Rural round-up

Meeting the market – Sally Rae:

A group of Silver Fern Farms supplier shareholders, led by chairman Rob Hewett, recently flew to China, visiting Shanghai, Inner Mongolia and Beijing. Agribusiness reporter Sally Rae joined the group to learn more about opportunities, and challenges, in the country. 

Diverse and complex – that’s China.

It’s a country of extreme contrasts; travel from Shanghai Pudong International Airport to the inner city on the maglev train and reach a relatively sedate speed of just over 300kmh (it has a top speed of 430kmh).

City footpaths are swept by old-fashioned straw brooms, while latest model cars sweep past, somehow – albeit narrowly – avoiding the melee of ubiquitous scooters, bicycles and pedestrians. . . 

 

Chilled meat market to come – Sally Rae:

Chilled meat exports to China are likely to be “some time away yet”, Silver Fern Farms chairman Rob Hewett says.

In April, Prime Minister John Key announced New Zealand and China had agreed to protocols relating to chilled meat.

That was lauded as being set to add hundreds of millions of dollars in returns from red meat exports. . .

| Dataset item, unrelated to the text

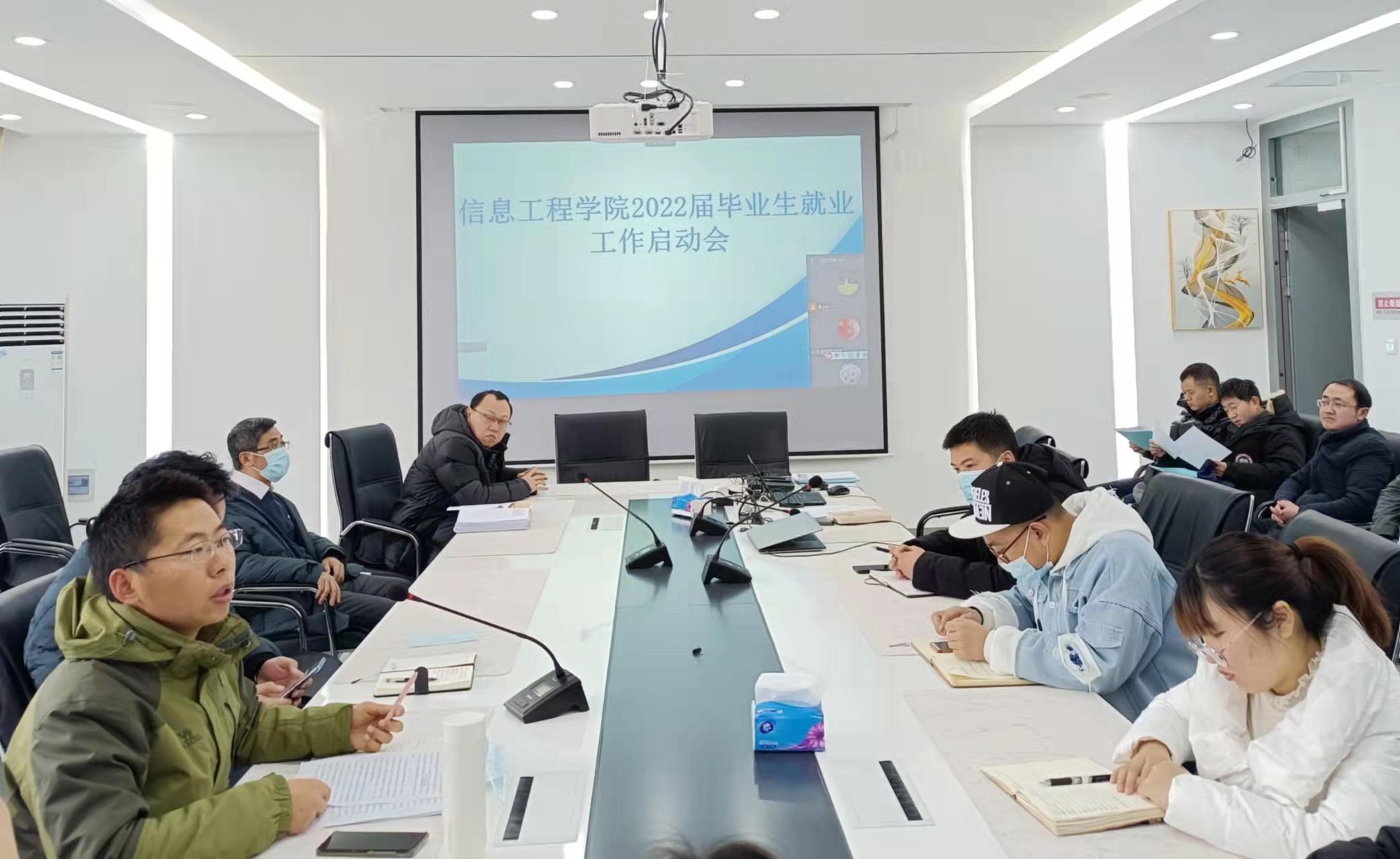 2月22日,我院在工科楼510会议室召开2022届毕业生就业工作推进会。院长赵向军、院党委副书记陈华锋、副院长袁俊、倪震、校企合作单位相关督导老师以及全体毕业班辅导员、班主任参加会议。会议由陈华锋主持。

Dramatic improvement in water quality expected from aquifer project:

A project that provides fresh ways to improve water quality in New Zealand rivers opened to the public today.

IrrigationNZ CEO Andrew Curtis said “The Hinds/Hekeao Managed Aquifer Recharge project will take clean Rangitata River water and put this into the aquifer, helping solve current water quality issues as well as improving stream flows.

“The recharge project in combination with improving farm environmental performance, through nutrient limits and audited farm environment plans, will allow waterways in the zone to regenerate and thrive,” he said. . . 

 

Rural businesses target growth strategies;

Fieldays focus on helping rural businesses shift to the cloud

Despite the challenging effects of the dairy downturn, businesses in rural New Zealand remain focused on growth strategies, with strong investment intentions for the coming year according a new report on the sector released on the eve of Fieldays.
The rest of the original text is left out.